What you need to do >>
What you submit must be an exact copy of the listing below, with no images in it.

Exercise data >>
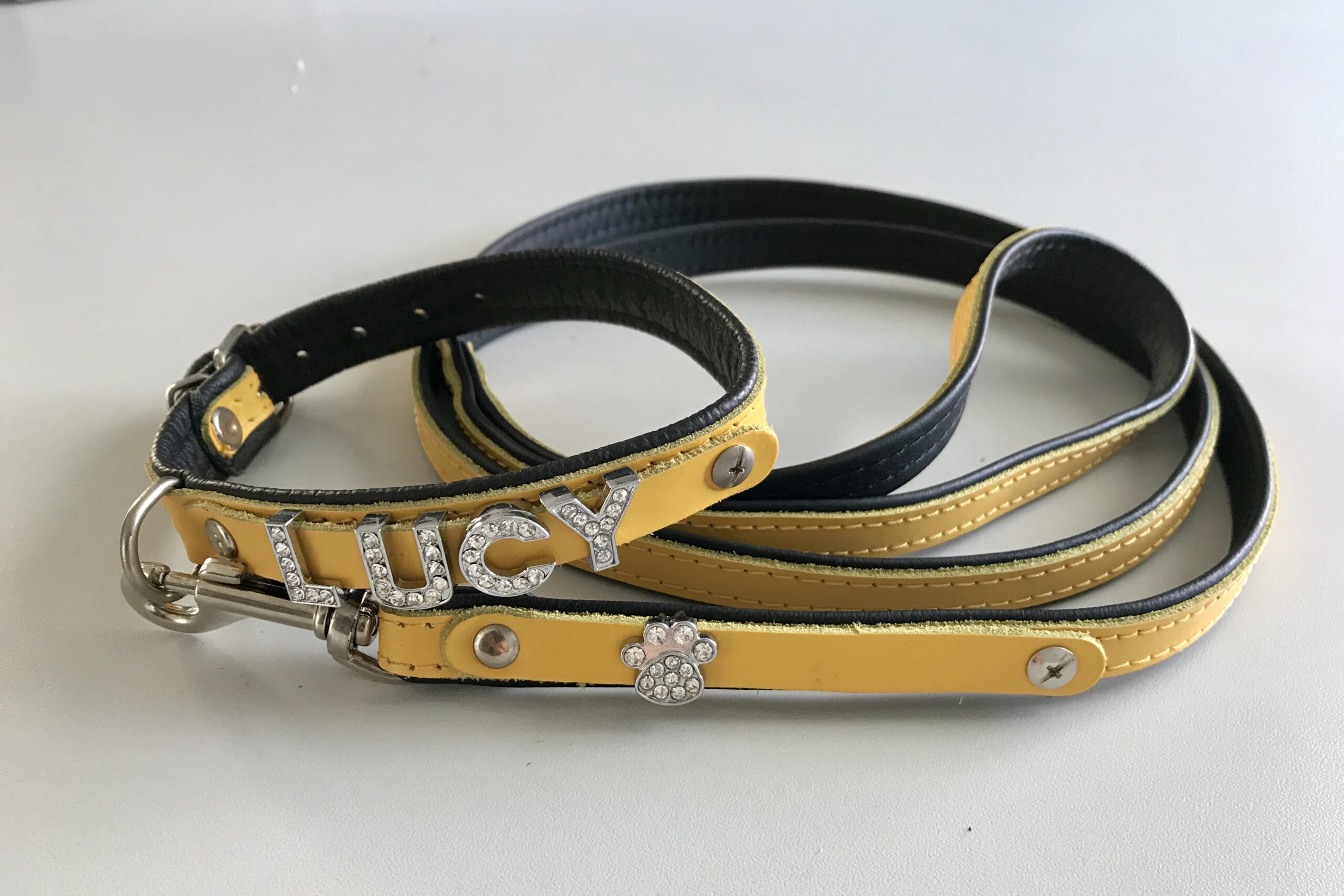 Halsband und Leine aus Leder mit Softleder unterlegt.
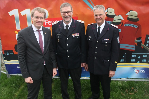 Ein Foto in der Anlage: Ministerrpräsident Daniel Günther und der scheidende Landesbrandmeister Detlef Radtke und der Nachfolger Frank Homrich.
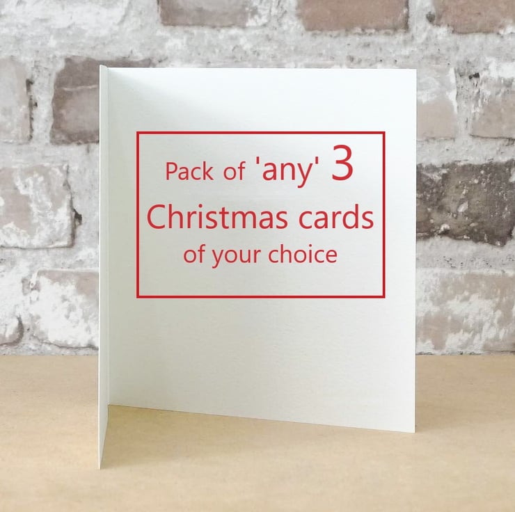 Choose any 3 cards from my Christmas collection and please leave the title of each card required when you order in the note to seller or message with their title's if they won't fit in the space provided.

Task answer >>
 Halsband und Leine aus Leder mit Softleder unterlegt.
 Ein Foto in der Anlage: Ministerrpräsident Daniel Günther und der scheidende Landesbrandmeister Detlef Radtke und der Nachfolger Frank Homrich.
 Choose any 3 cards from my Christmas collection and please leave the title of each card required when you order in the note to seller or message with their title's if they won't fit in the space provided.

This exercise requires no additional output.